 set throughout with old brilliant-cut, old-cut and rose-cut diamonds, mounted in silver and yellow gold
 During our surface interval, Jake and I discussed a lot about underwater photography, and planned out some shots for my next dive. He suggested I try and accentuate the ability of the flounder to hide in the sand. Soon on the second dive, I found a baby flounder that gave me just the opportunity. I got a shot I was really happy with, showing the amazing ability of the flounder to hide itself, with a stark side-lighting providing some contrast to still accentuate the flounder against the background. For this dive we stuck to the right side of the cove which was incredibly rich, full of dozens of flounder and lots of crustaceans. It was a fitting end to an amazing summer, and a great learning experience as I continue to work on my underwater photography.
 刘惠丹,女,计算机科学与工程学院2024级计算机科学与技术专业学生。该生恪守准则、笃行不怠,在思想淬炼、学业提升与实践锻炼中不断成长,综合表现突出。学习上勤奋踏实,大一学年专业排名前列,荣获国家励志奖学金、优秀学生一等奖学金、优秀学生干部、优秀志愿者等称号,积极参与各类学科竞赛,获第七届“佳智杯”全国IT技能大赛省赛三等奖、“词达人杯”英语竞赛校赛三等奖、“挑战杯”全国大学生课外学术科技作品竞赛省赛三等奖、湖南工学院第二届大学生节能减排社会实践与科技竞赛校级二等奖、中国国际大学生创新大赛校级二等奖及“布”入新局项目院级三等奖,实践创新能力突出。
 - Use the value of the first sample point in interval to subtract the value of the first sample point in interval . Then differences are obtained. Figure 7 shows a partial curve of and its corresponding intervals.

==

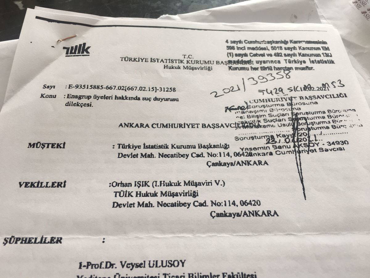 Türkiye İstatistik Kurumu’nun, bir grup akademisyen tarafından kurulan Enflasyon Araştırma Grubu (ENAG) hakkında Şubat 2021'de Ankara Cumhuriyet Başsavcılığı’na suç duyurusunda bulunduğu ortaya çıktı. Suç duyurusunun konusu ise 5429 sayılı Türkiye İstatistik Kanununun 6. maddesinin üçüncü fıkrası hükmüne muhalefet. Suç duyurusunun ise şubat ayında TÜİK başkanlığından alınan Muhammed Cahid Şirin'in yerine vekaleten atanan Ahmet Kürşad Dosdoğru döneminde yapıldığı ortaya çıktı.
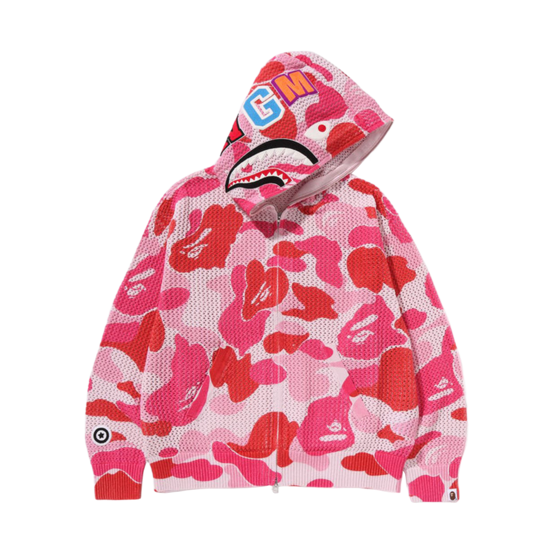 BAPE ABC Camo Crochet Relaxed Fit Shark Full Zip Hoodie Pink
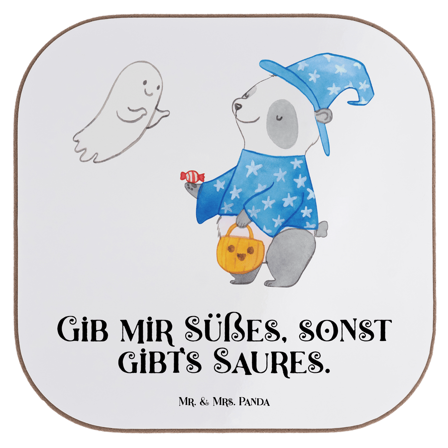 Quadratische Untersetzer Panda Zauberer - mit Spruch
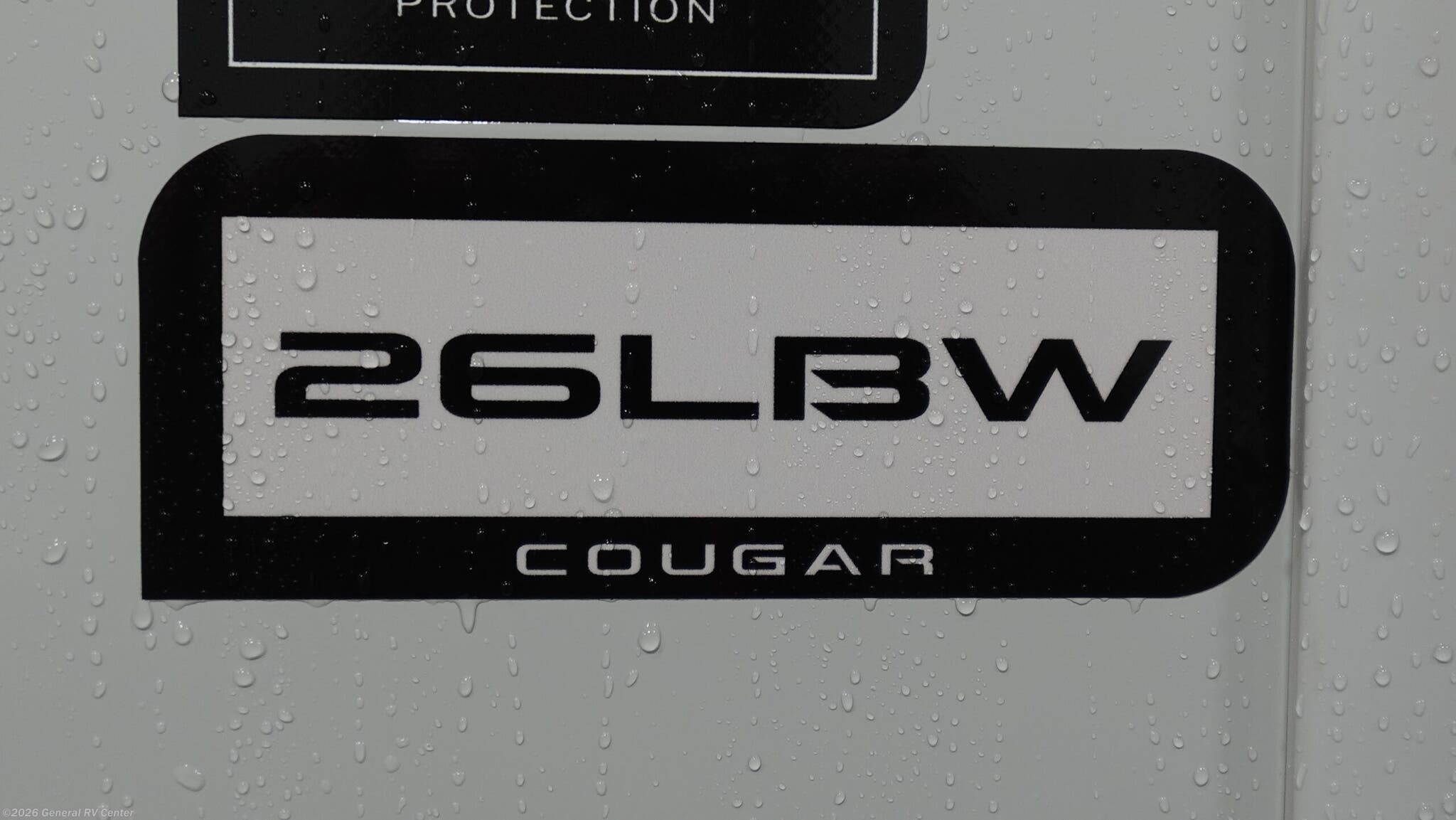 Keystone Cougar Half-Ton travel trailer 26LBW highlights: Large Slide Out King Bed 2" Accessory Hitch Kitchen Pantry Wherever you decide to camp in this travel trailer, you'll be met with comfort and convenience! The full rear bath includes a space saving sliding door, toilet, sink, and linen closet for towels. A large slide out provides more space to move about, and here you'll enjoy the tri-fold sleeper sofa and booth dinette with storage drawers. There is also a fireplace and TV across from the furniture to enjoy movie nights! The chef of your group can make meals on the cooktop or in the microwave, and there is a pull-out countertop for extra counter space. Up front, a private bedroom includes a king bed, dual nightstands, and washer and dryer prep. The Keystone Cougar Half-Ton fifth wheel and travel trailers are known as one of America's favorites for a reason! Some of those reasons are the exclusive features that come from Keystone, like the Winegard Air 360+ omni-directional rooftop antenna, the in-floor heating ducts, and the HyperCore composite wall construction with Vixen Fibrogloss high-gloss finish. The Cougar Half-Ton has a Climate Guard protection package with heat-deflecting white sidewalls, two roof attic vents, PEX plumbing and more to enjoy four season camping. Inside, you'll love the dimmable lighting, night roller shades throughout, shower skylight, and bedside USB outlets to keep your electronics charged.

==

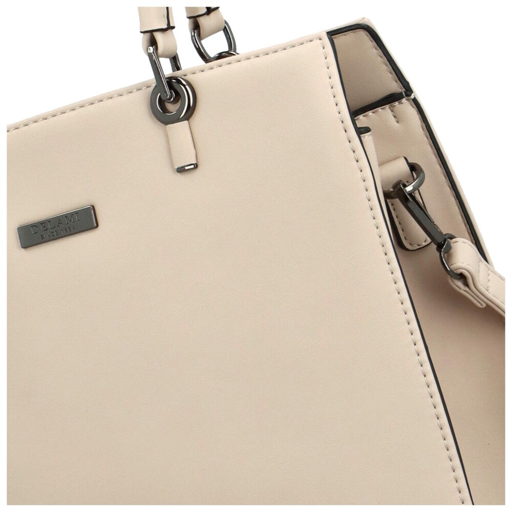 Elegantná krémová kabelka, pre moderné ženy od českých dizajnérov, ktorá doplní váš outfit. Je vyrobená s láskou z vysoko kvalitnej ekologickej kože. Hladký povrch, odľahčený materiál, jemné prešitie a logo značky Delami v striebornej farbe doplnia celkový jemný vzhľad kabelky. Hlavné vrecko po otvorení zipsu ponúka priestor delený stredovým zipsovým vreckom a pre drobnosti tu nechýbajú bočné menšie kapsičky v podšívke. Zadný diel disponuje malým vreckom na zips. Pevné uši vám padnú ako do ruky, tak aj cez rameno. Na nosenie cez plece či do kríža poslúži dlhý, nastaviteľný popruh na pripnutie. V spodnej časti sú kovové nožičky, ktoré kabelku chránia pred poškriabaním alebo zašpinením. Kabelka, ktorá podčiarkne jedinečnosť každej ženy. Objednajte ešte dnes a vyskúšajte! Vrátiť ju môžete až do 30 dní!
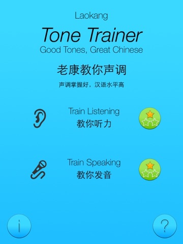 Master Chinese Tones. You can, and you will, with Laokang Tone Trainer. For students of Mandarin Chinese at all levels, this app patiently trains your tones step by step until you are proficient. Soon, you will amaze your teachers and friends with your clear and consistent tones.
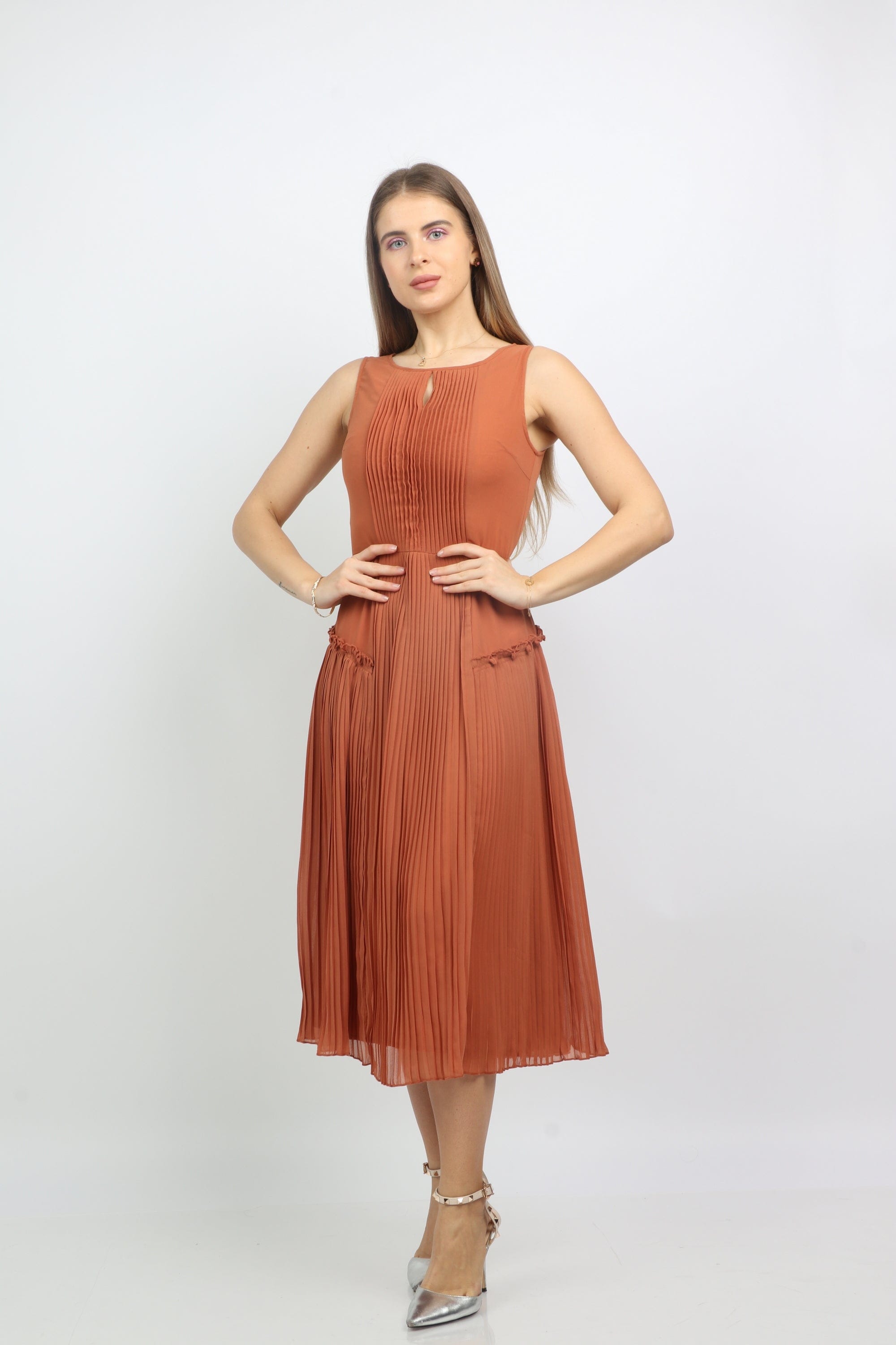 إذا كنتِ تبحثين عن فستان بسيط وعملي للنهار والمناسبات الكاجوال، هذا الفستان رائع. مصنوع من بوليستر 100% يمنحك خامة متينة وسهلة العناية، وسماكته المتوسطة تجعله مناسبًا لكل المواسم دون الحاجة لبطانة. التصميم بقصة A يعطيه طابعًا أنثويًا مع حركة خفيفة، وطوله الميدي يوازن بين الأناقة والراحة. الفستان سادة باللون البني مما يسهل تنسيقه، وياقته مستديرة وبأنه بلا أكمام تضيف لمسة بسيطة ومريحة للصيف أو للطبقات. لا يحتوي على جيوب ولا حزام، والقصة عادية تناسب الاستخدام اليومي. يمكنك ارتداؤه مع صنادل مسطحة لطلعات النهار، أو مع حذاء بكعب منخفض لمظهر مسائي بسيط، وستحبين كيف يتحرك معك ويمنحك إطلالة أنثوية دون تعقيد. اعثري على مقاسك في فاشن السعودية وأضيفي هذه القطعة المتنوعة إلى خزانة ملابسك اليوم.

### WHAT THIS TASK INVOLVES
All lines in the listing above between the line with "set throughout with" and the line with "- Use the value", inclusive, should be set down exactly, and no line outside that range.

### YOUR RESPONSE
 set throughout with old brilliant-cut, old-cut and rose-cut diamonds, mounted in silver and yellow gold
 During our surface interval, Jake and I discussed a lot about underwater photography, and planned out some shots for my next dive. He suggested I try and accentuate the ability of the flounder to hide in the sand. Soon on the second dive, I found a baby flounder that gave me just the opportunity. I got a shot I was really happy with, showing the amazing ability of the flounder to hide itself, with a stark side-lighting providing some contrast to still accentuate the flounder against the background. For this dive we stuck to the right side of the cove which was incredibly rich, full of dozens of flounder and lots of crustaceans. It was a fitting end to an amazing summer, and a great learning experience as I continue to work on my underwater photography.
 刘惠丹,女,计算机科学与工程学院2024级计算机科学与技术专业学生。该生恪守准则、笃行不怠,在思想淬炼、学业提升与实践锻炼中不断成长,综合表现突出。学习上勤奋踏实,大一学年专业排名前列,荣获国家励志奖学金、优秀学生一等奖学金、优秀学生干部、优秀志愿者等称号,积极参与各类学科竞赛,获第七届“佳智杯”全国IT技能大赛省赛三等奖、“词达人杯”英语竞赛校赛三等奖、“挑战杯”全国大学生课外学术科技作品竞赛省赛三等奖、湖南工学院第二届大学生节能减排社会实践与科技竞赛校级二等奖、中国国际大学生创新大赛校级二等奖及“布”入新局项目院级三等奖,实践创新能力突出。
 - Use the value of the first sample point in interval to subtract the value of the first sample point in interval . Then differences are obtained. Figure 7 shows a partial curve of and its corresponding intervals.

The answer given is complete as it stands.